Data shown ->
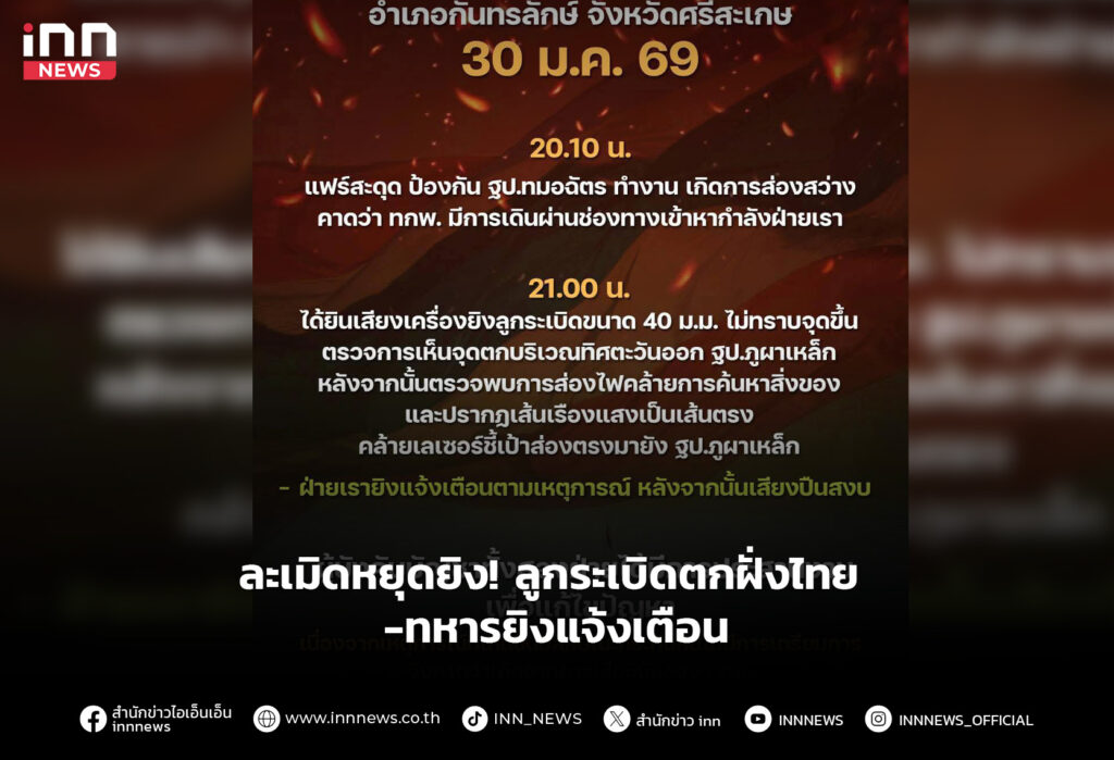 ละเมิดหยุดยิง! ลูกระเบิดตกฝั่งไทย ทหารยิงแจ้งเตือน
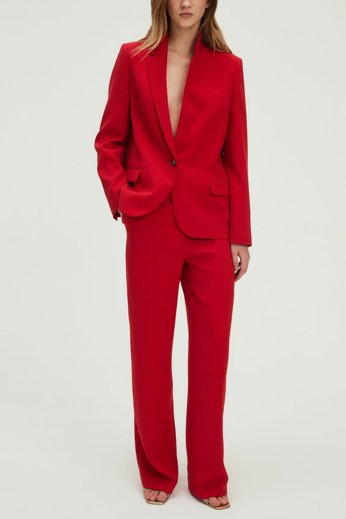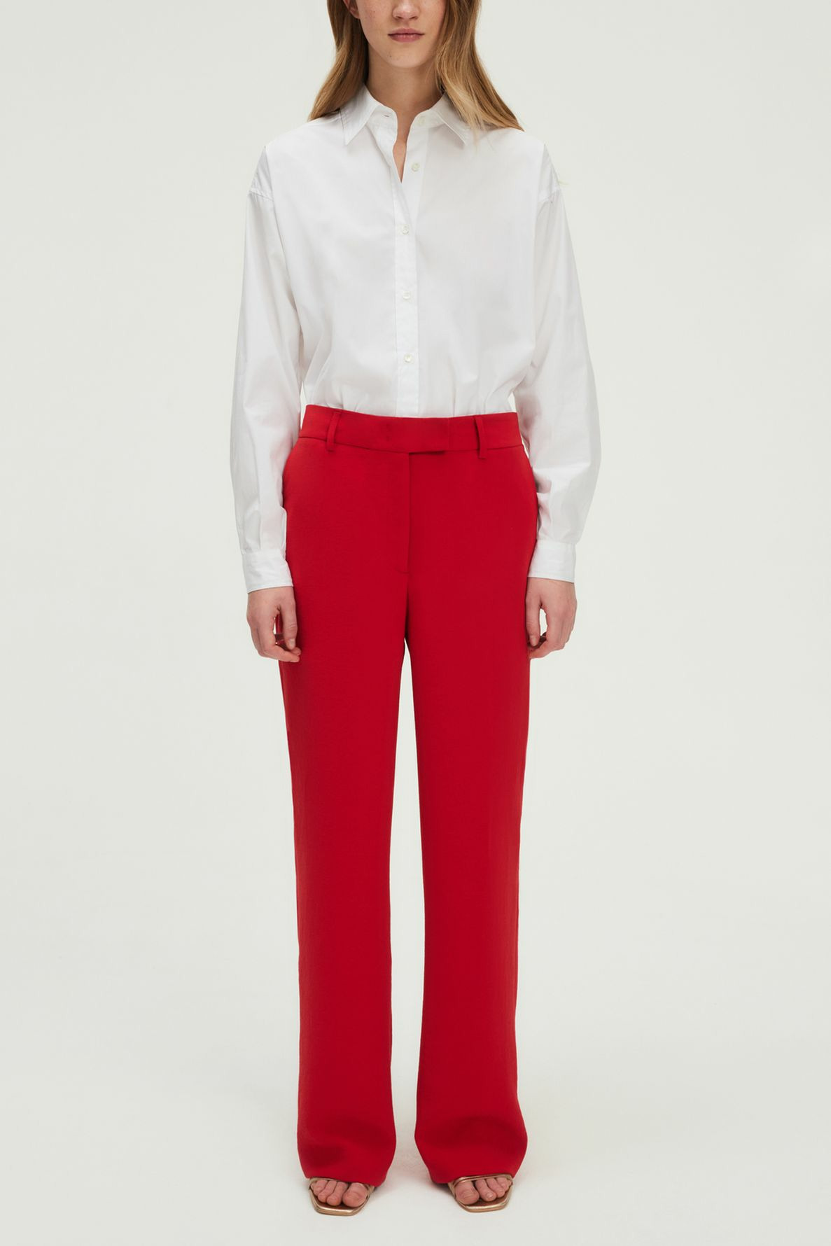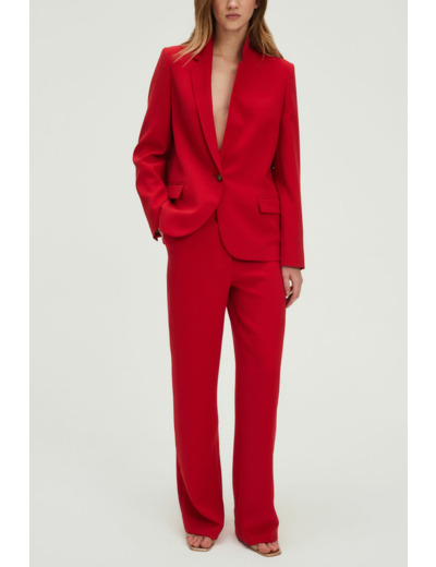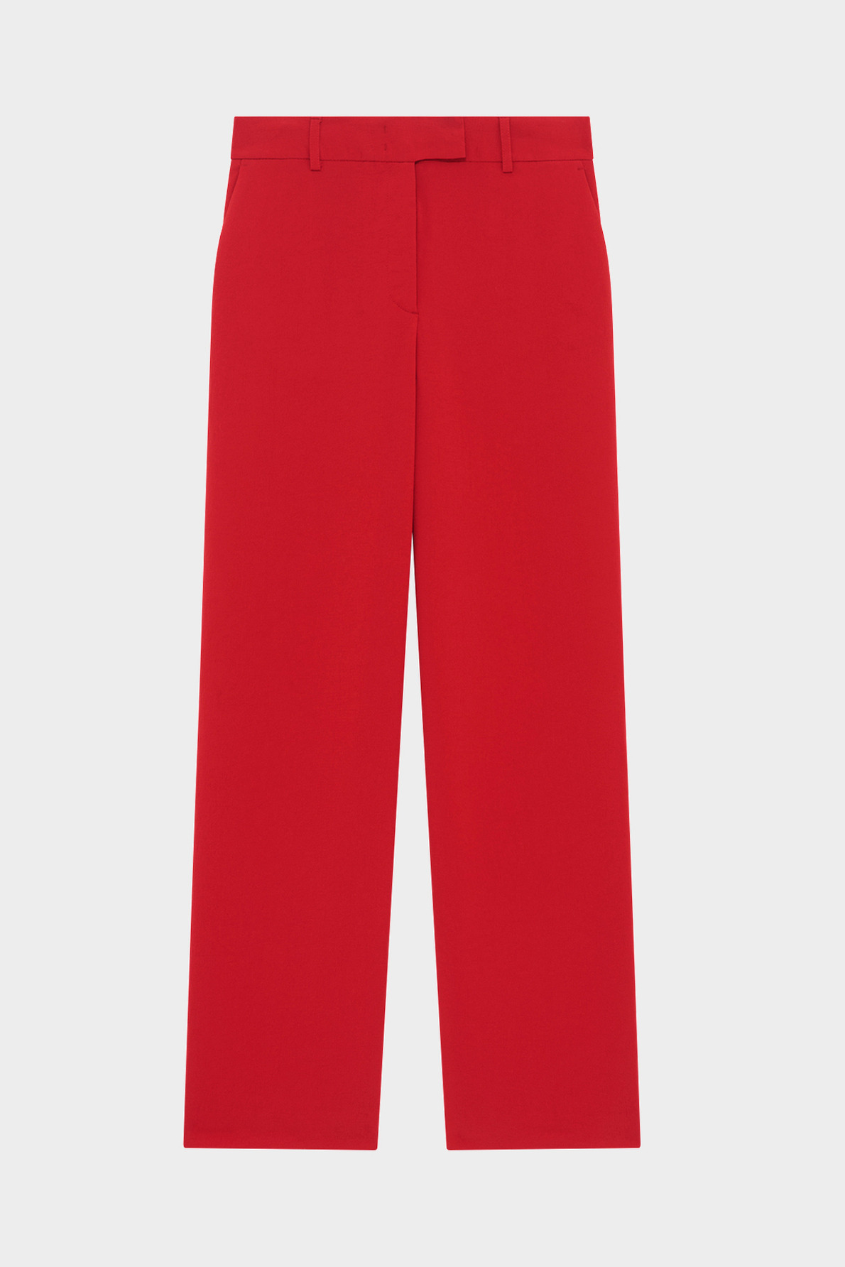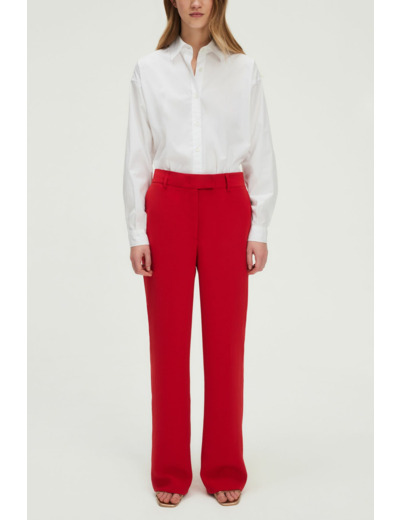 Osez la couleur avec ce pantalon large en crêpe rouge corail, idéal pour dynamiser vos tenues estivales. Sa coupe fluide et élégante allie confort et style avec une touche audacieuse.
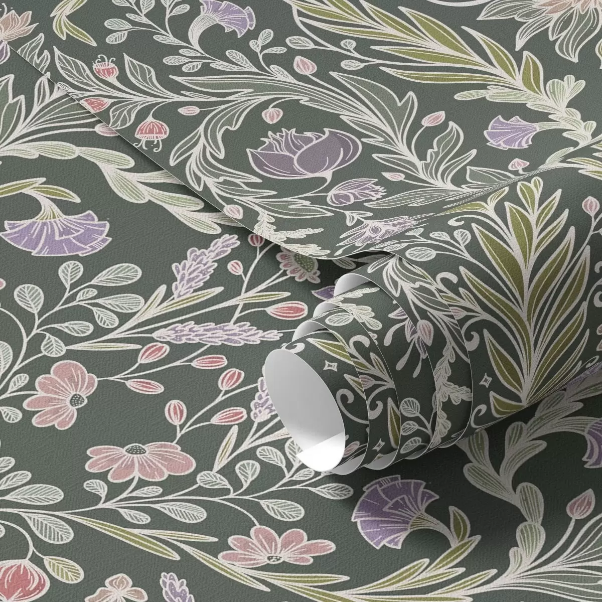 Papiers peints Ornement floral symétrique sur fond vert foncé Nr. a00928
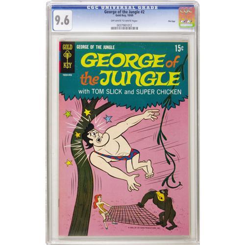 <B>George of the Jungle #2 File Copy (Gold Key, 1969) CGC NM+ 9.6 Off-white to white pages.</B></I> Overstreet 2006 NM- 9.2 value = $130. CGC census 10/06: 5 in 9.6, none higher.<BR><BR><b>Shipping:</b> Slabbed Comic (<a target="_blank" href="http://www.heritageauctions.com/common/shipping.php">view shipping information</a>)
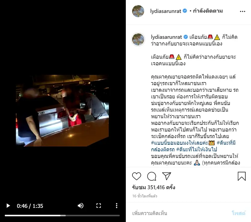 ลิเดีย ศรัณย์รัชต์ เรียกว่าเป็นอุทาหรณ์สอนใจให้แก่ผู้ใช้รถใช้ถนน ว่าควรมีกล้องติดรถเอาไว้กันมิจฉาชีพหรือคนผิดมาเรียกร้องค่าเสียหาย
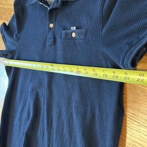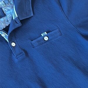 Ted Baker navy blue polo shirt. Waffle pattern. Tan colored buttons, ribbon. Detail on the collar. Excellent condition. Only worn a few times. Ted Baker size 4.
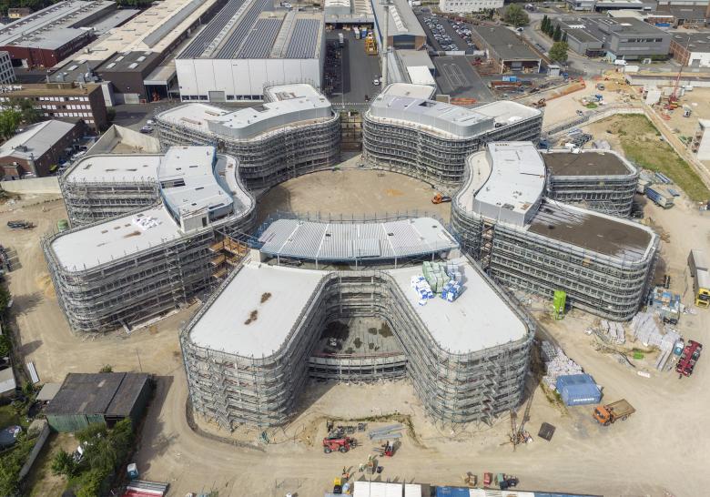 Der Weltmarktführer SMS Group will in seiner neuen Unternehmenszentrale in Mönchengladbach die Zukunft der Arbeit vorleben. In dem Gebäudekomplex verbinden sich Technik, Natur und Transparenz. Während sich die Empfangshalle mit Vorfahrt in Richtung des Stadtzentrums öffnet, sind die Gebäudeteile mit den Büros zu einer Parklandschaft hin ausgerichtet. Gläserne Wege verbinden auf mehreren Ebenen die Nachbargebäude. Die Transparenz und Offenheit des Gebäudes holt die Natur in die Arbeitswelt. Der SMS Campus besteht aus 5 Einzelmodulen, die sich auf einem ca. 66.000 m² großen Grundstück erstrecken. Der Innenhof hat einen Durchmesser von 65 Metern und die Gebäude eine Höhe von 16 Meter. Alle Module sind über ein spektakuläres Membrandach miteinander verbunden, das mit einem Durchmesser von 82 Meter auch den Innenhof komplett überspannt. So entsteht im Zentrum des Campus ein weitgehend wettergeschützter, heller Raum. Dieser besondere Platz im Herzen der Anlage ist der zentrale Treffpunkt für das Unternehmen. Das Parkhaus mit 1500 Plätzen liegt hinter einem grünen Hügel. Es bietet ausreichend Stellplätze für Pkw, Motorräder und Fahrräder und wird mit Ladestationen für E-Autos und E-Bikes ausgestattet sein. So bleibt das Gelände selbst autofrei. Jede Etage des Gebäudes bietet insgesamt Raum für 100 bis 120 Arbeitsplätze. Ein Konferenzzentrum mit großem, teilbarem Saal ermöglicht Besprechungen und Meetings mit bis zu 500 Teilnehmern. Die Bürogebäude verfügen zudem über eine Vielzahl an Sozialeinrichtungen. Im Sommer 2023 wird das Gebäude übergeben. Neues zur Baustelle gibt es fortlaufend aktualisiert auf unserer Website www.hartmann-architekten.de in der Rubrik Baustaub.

What this task involves ->
Of the lines above, quote exactly those from the one with "Papiers peints Ornement" through the one with "<B>George of the", ends included; pictures stay out.

Written answer ->
 Papiers peints Ornement floral symétrique sur fond vert foncé Nr. a00928
 <B>George of the Jungle #2 File Copy (Gold Key, 1969) CGC NM+ 9.6 Off-white to white pages.</B></I> Overstreet 2006 NM- 9.2 value = $130. CGC census 10/06: 5 in 9.6, none higher.<BR><BR><b>Shipping:</b> Slabbed Comic (<a target="_blank" href="http://www.heritageauctions.com/common/shipping.php">view shipping information</a>)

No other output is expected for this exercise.